What is Headai’s SDG analysis?
For SDG analysis, we use data (texts) from UN’s official sustainable development goals (Agenda 2030) and other documents directly related to them. Headai’s machine has read the texts, identified meaningful words and word pairs and the connections between them. The visualization can be done e.g. as a concept map.

How to interpret SDG scorecard for an educational curriculum?
The SDG-Scorecard visualization describes the intersection of the curriculum and the UN goal and shows an overall picture of how the curriculum meets the 17 SDG goals. The first thing you can do is think about which UN goals are essential for your organization. Then you can look more closely what important themes and concepts you already dealing with, and which ones you might be missing.

How do you calculate the SDG score?
Our machine recognizes meaningful words and compounds (2 or more words) from UN texts as well as the customer’s texts and compares them with each other. The more words/compounds are found in common, the bigger the score. But additional to this, all words also get a coefficient depending on how descriptive the word/topic is, in a scale from 1 to 5: small number means generic/fuzzy topic, a bigger number means a descriptive topic. For example: “solar energy” would probably get a coefficient of 5, and “number” would get a coefficient of 1. So when calculating the score for this compound and word, it would look like this: 5×1+1×1= 6 (if the words are only found once).

Do you parse all the jobs listed on a job portal or just a percentage of them?
Our parser reads all job ads available on the site. However, in the analysis, we apply scientific sampling with sample size 3000 in order to keep different data size sets comparable. All methods we use are scientific.
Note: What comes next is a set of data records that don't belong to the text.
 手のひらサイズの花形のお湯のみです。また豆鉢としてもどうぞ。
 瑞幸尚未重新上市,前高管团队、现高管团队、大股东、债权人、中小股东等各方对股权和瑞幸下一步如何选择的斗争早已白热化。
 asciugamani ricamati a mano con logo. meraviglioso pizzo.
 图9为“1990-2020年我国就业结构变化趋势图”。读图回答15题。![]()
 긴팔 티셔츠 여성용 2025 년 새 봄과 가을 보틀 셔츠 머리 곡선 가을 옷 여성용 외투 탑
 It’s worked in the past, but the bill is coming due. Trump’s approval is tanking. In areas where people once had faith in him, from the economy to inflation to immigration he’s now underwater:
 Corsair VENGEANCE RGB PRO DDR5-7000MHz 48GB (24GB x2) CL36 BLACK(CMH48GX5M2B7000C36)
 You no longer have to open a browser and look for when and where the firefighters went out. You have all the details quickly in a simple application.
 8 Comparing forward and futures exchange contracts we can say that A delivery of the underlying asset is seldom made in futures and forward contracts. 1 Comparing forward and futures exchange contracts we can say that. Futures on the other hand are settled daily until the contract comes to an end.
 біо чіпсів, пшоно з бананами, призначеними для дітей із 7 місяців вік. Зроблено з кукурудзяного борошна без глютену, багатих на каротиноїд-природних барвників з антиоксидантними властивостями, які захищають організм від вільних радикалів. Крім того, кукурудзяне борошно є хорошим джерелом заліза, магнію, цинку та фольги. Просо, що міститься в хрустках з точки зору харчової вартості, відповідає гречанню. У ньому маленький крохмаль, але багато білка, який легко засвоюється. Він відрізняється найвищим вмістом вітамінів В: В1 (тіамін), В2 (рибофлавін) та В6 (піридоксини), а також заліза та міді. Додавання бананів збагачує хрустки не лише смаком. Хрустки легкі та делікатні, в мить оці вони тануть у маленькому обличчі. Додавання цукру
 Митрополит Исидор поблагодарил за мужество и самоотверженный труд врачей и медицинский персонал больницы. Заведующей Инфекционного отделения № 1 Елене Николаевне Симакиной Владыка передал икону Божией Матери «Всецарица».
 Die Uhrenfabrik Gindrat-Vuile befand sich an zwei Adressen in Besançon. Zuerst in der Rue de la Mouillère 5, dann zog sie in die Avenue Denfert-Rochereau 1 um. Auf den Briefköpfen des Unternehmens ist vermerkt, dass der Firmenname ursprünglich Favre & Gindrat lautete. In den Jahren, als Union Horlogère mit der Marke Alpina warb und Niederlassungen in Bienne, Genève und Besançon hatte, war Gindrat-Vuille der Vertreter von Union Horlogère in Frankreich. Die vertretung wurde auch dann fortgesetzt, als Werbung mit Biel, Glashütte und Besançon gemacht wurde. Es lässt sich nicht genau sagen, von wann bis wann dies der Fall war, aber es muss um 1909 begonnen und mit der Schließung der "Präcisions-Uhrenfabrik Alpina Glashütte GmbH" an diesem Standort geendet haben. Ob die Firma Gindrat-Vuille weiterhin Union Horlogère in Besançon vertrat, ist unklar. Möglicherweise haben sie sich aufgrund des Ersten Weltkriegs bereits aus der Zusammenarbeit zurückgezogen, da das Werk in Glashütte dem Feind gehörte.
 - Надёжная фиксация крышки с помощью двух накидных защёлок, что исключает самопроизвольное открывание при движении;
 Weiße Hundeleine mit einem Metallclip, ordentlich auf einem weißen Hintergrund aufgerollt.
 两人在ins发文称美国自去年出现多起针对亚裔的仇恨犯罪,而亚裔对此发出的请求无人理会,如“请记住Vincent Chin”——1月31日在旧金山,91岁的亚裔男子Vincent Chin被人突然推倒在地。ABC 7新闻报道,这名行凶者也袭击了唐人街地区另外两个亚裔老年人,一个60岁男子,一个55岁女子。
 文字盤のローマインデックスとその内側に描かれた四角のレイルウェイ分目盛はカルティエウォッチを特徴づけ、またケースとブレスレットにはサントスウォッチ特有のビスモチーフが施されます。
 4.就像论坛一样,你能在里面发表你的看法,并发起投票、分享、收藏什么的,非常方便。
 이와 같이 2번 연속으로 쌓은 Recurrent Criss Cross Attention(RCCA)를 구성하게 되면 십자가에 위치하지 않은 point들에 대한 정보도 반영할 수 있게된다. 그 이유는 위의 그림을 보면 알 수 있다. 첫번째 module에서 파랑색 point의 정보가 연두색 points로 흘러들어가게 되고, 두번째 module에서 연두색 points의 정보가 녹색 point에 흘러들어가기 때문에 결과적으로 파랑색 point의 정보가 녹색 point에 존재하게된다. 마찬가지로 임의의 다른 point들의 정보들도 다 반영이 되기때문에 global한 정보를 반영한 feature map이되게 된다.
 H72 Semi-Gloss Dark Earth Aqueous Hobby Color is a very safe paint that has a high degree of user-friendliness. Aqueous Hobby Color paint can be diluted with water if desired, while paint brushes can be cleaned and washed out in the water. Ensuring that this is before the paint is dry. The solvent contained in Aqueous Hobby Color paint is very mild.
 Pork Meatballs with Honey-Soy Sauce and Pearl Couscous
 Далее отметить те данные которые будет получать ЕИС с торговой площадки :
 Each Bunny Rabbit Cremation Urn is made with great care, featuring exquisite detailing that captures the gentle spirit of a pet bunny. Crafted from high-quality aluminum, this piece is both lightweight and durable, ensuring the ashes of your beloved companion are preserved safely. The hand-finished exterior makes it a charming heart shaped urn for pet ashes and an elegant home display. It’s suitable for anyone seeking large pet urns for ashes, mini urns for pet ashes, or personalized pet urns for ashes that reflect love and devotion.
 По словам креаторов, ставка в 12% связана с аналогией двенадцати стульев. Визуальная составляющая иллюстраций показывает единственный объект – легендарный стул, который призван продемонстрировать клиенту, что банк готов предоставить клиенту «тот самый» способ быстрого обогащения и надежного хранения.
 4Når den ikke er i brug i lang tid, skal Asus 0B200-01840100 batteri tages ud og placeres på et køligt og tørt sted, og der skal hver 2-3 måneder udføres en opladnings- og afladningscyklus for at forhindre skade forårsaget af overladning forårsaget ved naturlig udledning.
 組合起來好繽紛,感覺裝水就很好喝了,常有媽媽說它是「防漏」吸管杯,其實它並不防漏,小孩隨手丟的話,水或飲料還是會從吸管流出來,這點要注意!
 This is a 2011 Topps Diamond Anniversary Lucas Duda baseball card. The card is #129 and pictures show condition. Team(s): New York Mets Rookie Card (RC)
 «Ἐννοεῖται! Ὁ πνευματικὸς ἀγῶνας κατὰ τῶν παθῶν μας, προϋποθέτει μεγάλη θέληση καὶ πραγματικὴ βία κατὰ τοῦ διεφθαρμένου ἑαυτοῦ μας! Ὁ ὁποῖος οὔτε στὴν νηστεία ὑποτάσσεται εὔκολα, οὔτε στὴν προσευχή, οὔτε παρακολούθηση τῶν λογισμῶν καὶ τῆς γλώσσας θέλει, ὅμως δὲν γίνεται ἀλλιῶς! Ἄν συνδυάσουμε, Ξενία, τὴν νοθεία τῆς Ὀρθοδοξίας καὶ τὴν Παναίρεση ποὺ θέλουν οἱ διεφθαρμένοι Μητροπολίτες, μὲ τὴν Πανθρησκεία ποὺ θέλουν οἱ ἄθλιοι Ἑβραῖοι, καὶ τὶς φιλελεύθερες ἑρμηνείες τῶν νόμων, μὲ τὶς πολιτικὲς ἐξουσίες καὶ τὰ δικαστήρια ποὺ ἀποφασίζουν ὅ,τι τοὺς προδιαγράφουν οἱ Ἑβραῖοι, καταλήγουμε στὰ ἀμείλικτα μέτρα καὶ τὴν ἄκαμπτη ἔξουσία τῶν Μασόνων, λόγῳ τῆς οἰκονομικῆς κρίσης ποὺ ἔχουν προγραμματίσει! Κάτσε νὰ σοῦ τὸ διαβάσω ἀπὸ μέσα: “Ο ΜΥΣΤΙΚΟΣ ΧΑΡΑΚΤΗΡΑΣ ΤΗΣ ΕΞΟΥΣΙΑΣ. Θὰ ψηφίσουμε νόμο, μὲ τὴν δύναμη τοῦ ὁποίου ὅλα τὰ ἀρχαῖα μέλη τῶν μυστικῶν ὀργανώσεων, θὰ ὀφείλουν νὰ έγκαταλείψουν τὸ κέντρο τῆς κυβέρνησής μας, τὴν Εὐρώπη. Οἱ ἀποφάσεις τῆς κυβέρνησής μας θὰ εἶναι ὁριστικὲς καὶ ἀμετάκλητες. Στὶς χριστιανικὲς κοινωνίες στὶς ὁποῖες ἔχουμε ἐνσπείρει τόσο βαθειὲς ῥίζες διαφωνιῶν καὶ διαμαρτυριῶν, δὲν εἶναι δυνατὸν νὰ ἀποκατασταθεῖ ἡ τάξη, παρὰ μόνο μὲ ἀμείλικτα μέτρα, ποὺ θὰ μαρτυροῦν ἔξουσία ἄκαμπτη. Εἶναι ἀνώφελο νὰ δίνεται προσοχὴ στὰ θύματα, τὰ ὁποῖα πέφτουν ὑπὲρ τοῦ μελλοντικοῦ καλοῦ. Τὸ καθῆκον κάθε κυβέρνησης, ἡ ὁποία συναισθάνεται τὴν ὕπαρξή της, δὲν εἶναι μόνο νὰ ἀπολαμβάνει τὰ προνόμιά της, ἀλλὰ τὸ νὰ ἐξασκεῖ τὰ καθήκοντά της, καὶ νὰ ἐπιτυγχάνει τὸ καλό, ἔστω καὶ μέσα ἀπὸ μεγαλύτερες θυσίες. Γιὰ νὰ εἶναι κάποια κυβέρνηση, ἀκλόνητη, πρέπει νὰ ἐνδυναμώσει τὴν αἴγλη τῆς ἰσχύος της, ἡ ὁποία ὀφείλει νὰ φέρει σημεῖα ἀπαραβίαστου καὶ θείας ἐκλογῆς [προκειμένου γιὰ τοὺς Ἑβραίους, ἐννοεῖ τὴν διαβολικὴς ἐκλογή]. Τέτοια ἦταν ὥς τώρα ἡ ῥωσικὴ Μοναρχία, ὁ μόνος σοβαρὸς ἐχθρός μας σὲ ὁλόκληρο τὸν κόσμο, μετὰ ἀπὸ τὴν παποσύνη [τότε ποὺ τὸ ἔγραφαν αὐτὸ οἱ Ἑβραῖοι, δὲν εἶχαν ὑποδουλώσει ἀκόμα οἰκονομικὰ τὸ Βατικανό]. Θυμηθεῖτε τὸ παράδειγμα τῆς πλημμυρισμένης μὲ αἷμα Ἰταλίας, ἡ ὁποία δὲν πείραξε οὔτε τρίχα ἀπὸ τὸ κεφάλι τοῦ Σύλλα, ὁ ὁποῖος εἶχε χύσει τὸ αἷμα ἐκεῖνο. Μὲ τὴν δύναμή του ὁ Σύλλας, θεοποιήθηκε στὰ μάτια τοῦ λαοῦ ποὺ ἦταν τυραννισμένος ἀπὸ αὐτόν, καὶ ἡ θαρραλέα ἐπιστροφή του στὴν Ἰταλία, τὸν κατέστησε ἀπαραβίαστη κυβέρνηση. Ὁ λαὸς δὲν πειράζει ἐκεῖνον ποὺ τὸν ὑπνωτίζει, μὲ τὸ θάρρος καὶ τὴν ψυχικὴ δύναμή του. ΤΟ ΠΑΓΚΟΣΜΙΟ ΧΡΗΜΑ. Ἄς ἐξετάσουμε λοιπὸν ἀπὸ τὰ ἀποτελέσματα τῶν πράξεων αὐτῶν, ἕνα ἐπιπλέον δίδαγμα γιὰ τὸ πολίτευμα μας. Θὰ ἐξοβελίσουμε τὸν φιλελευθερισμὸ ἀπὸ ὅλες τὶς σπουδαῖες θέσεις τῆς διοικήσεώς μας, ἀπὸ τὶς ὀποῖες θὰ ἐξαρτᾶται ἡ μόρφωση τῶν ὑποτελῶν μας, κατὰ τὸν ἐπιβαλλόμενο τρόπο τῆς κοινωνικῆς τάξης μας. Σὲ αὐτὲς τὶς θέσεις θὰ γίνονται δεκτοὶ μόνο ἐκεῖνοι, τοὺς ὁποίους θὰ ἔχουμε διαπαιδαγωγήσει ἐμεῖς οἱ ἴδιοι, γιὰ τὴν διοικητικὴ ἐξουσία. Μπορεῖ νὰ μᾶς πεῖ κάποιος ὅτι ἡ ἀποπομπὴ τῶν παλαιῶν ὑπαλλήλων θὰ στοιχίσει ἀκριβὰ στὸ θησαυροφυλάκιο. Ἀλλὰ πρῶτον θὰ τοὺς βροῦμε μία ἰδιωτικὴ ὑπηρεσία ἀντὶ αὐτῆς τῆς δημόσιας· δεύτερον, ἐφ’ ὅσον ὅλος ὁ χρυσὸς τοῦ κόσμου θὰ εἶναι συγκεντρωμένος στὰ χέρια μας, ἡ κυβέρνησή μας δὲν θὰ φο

Should I define a character set when using Headai APIs?
When you call Headai APIs, you should define UTF8 character set. It might work without it, but anomalities can occur.

Poor data, poor outcomes?
This is true with intelligent algorithms. There are many things that can make data poor in quality. There might be part of the data missing or simply errors. The data can be biased. Since people creating data can be unconsciously biased, this can sneak into data as well. The data can be fuzzy and non-descriptive. This means there is not enough descriptive information for the algorithm to build understanding. Poor data leads algorithms to do poor suggestions or predictions. Quality data is vital.

If 30% of overall skill needs can be identified from job ads, where can I find the missing 70 percent?

About one third of the current skill needs can be identified from job ads. Headhunters cover under 5 % of recruiting, and this data is not easily available. Nearly half of the skills and competencies move inside organizations, which doesn’t accumulate open data.

There are other open datasets that can help by giving different perspectives. While job ads and headhunters reflect current skill needs, data about investments can bring the visibility of 2 to 3 upcoming years. Research and development data can reflect the next 3 to 10 years. Sustainability topics like Agenda2030 and Green Deal can give visibility for over 10 years. There are a lot of data that you can follow, e.g. industry trends reports, governmental reports, foresight reports, patents, and startup databases to name a few.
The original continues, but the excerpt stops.